American Barbell, LLC, a California limited liability company ("AB") and the Company or Individual set forth on the last page of this invoice ("Customer") agree to the following terms and conditions:

  1. Customer's Terms and Conditions. This document, if deemed an acceptance of your offer, is expressly made conditional on assent to all of the terms and conditions of this document, including additional and different terms. If this document is deemed an offer or counteroffer, acceptance is expressly limited to the terms of this document. Customer's signature on this document or Customer's delivery of goods purchased pursuant to this document shall be an effective acceptance of AB's offer. Any proposal for additional or different terms, or any attempt by Customer to alter any of the terms of this document shall not operate as a rejection of this offer and this offer shall be deemed accepted by Customer without its additional or different terms. AB hereby notifies Customer of its objection to any terms or conditions in any of Customer's documents or other communications conveyed by Customer which terms or conditions are additional to, different from, or in conflict with the terms of this document.
  2. Confirming Orders. AB shall hold Customer responsible for any order that is duplicated by GP because Customer failed to mark the order "CONFIRMING ONLY" boldly on the face of the order.
  3. All shipments and Prices are quoted FOB origin. Title to all goods shall pass to Customer upon delivery to a common carrier or when Customer takes possession of goods at AB's place of business.
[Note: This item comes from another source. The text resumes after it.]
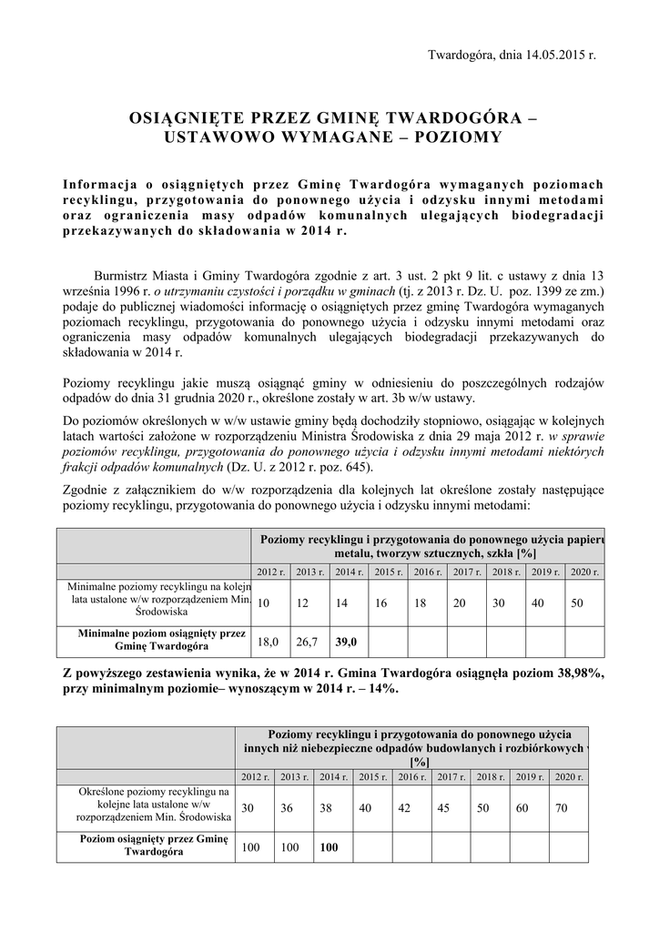 Twardogóra, dnia 14.05.2015 r. OSIĄGNIĘTE PRZEZ GMINĘ TWARDOGÓRA – USTAWOWO WYMAGANE – POZIOMY Informacja o osiągniętych przez Gminę Twardogóra wymaganych poziomach recyklingu, przygotowania do ponownego użycia i odzysku innymi metodami oraz ograniczenia masy odpadów komunalnych ulegających biodegradacji przekazywanych do składowania w 2014 r. Burmistrz Miasta i Gminy Twardogóra zgodnie z art. 3 ust. 2 pkt 9 lit. c ustawy z dnia 13 września 1996 r. o utrzymaniu czystości i porządku w gminach (tj. z 2013 r. Dz. U. poz. 1399 ze zm.) podaje do publicznej wiadomości informację o osiągniętych przez gminę Twardogóra wymaganych poziomach recyklingu, przygotowania do ponownego użycia i odzysku innymi metodami oraz ograniczenia masy odpadów komunalnych ulegających biodegradacji przekazywanych do składowania w 2014 r. Poziomy recyklingu jakie muszą osiągnąć gminy w odniesieniu do poszczególnych rodzajów odpadów do dnia 31 grudnia 2020 r., określone zostały w art. 3b w/w ustawy. Do poziomów określonych w w/w ustawie gminy będą dochodziły stopniowo, osiągając w kolejnych latach wartości założone w rozporządzeniu Ministra Środowiska z dnia 29 maja 2012 r. w sprawie poziomów recyklingu, przygotowania do ponownego użycia i odzysku innymi metodami niektórych frakcji odpadów komunalnych (Dz. U. z 2012 r. poz. 645). Zgodnie z załącznikiem do w/w rozporządzenia dla kolejnych lat określone zostały następujące poziomy recyklingu, przygotowania do ponownego użycia i odzysku innymi metodami: Poziomy recyklingu i przygotowania do ponownego użycia papieru, metalu, tworzyw sztucznych, szkła [%] 2012 r. Minimalne poziomy recyklingu na kolejne lata ustalone w/w rozporządzeniem Min. 10 Środowiska Minimalne poziom osiągnięty przez Gminę Twardogóra 18,0 2013 r. 2014 r. 2015 r. 2016 r. 2017 r. 2018 r. 2019 r. 2020 r. 12 14 16 18 20 30 40 50 26,7 39,0 Z powyższego zestawienia wynika, że w 2014 r. Gmina Twardogóra osiągnęła poziom 38,98%, przy minimalnym poziomie– wynoszącym w 2014 r. – 14%. Poziomy recyklingu i przygotowania do ponownego użycia innych niż niebezpieczne odpadów budowlanych i rozbiórkowych w [%] 2012 r. Określone poziomy recyklingu na kolejne lata ustalone w/w 30 rozporządzeniem Min. Środowiska Poziom osiągnięty przez Gminę Twardogóra 100 2013 r. 2014 r. 2015 r. 2016 r. 2017 r. 2018 r. 2019 r. 2020 r. 36 38 40 42 45 50 60 70 100 100 Z powyższego zestawienia wynika, że w roku 2014 Gmina Twardogóra osiągnęła poziom 100%, przy minimalnym poziomie – wynoszącym w 2014 r. – 38%. Zgodnie z art. 3c w/w ustawy obowiązkiem gmin jest również ograniczanie masy odpadów komunalnych ulegających biodegradacji przekazywanych do składowania: - do dnia 16 lipca 2013 r. – do nie więcej niż 50% wagowo całkowitej masy odpadów komunalnych ulegających biodegradacji przekazywanych do składowania; - do dnia 16 lipca 2020 r. – do nie więcej niż 35% wagowo całkowitej masy odpadów komunalnych ulegających biodegradacji przekazywanych do składowania w stosunku do masy tych odpadów wytworzonych w 1995 r. Poziomy do osiągnięcia w poszczególnych latach, a także sposoby ich obliczenia zostały określone w rozporządzeniu Ministra Środowiska z dnia 25 maja 2012 r. w sprawie poziomów ograniczenia masy odpadów komunalnych ulegających biodegradacji przekazywanych do składowania oraz sposobu obliczania poziomu ograniczenia masy tych odpadów. Zgodnie z załącznikiem do w/w rozporządzenia dla kolejnych lat określone zostały następujące poziomy: Dopuszczalny poziom masy odpadów komunalnych ulegających biodegradacji przekazywanych do składowania w stosunku do masy tych odpadów wytworzonych w 1995 r. [%] Poziom ograniczenia składowania bioodpadów, na kolejne lata ustalone w/w rozporządzeniem Min. Środowiska 2012 r. 2013 r. 2014 r. 2015 r. 2016 r. 2017 r. 2018 r. 2019 r. 2020 r. 75 50 50 50 45 45 40 40 35 8,7 5,4 Osiągnięty przez Gminę Twardogóra poziom przekazanych 85,6 do składowania bioodpadów Z powyższego zestawienia wynika, że w 2014roku Gmina Twardogóra osiągnęła poziom 5,35%, przy dopuszczalnym poziomie – wynoszącym w 2014 r. – 50%. Z uwagi na powyższewyznaczony przez Ministra Środowiska poziom w 2014 r. został- przez Gminę Twardogóra - osiągnięty. Kto odbiera odpady z posesji w gminie Twardogóra? • Nie zlecono przedsiębiorcy zewnętrznemu • Gminasamawykonuje tęusługę, powierzając tozadanie własnemu zakładowi budżetowemu ZGKiM • Dlaczego? Dlatego, że: Posiadamy własny sprzęt specjalistyczny Wyszkoloną załogę Ponad 40-letnie doświadczenie w świadczeniu tego rodzaju usług Mamy pełną kontrolę nad odpadami Mamymożliwość przekazywaniaprzychodów ze sprzedaży odpadów na poczet opłat w zależności od ich odebranych ilości i cen na rynku odpadów Mamy bezpośredni wpływ na jakość świadczonych usług Gdzie dostarczamy nasze odpady? • Odpady zmieszane dostarczane są do RIPOK Chemeko-System sp. z o. o. w miejscowości Rudna Wielka w gminie Wąsosz. • Odpady zielone dostarczane są do RIPOK Merta & Merta Sp. z o.o. we Wrocławiu. • Ceny za przyjęcie odpadów: zmieszanych – 387,72 zł (brutto) za tonę zielonych – 216,00 zł (brutto) za tonę Komu przekazujemy pozostałe odpady? • Odpady wysegregowane odbierane są przez różnych odbiorców najczęściejwłasnym transportem na ich koszt i za odpłatnością lub nieodpłatnie lub za dopłatą w zależności od rodzaju odpadów i koniunktury rynkowej. odpady opakowaniowe ze szkła, metalu oraz odpady z tworzyw sztucznych i papieru oraz budowlane, z których gmina jest rozliczana odpady zużytego sprzętu elektrycznego, zużytych opon i wielkogabarytowe Jak mieszkańcy mogą wpłynąć na zmniejszeniewysokości opłaty za zagospodarowanie odpadów? • Wiemy, że do RIPOK musimy przewieźć na własny koszt wyłącznie odpady zmieszane i odpady zielone i za ich przyjęcie musimy wni

AB shall not be liable for delay in delivery of for failure to perform due to causes beyond the reasonable control of AB. These causes shall include, without limitation, force majeure events (such as war, strike, riot, crime or an act of God), acts or omissions of Customer, civil or military authorities, delays in transportation, or inability to obtain necessary labor, materials or supplies. In the event of any delay, the contractual date of delivery, if any, shall be extended for a period equal to the time lost as a consequence of such delay, without penalty to AB or any liability on AB's part. AB shall have the right to deliver all goods covered hereby at one time or in portions from time to time, within the time for delivery provided in such order.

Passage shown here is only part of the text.